== What is expected ==
Reproduce, from the lines below, exactly the stretch that begins at the line containing "Mythologie Bear Eşofman" and ends at the line containing "Relaxed fit on", both included.

== Material provided ==
::::::::::

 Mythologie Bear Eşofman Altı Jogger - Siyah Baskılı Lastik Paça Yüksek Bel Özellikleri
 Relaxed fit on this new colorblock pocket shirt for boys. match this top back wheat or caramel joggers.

::::::::::

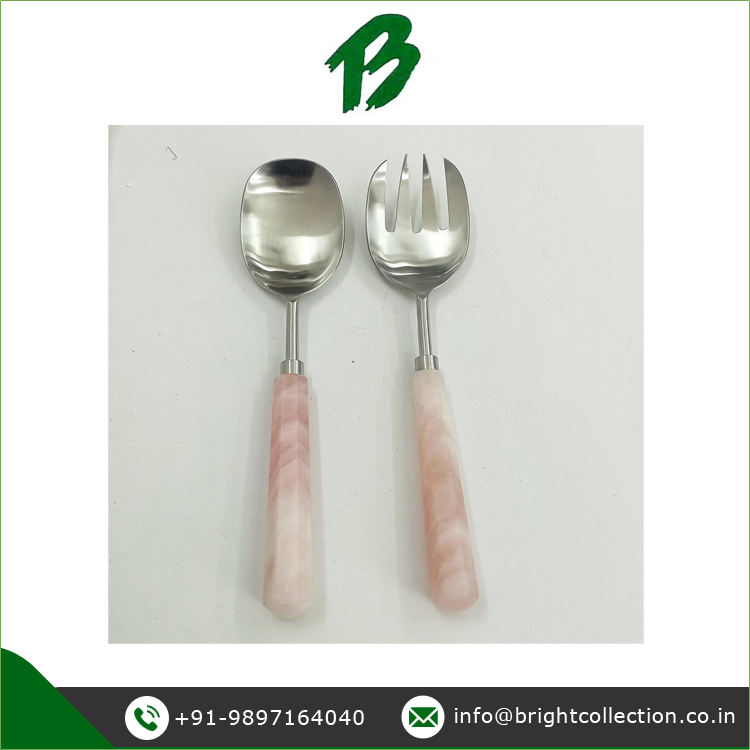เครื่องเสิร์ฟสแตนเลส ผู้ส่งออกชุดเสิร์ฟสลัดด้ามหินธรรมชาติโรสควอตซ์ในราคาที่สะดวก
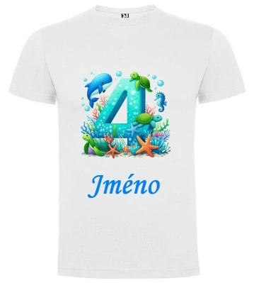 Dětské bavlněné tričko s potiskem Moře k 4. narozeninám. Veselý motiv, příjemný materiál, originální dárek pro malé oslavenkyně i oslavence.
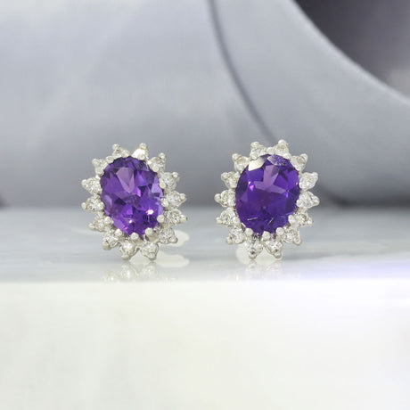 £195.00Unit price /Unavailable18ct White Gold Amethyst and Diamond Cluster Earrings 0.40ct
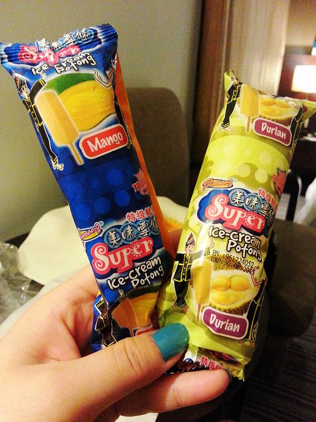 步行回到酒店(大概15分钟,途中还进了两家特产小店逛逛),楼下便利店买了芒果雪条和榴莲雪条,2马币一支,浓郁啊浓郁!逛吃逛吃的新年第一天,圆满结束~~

::::::::::

== Output for this task ==
 Mythologie Bear Eşofman Altı Jogger - Siyah Baskılı Lastik Paça Yüksek Bel Özellikleri
 Relaxed fit on this new colorblock pocket shirt for boys. match this top back wheat or caramel joggers.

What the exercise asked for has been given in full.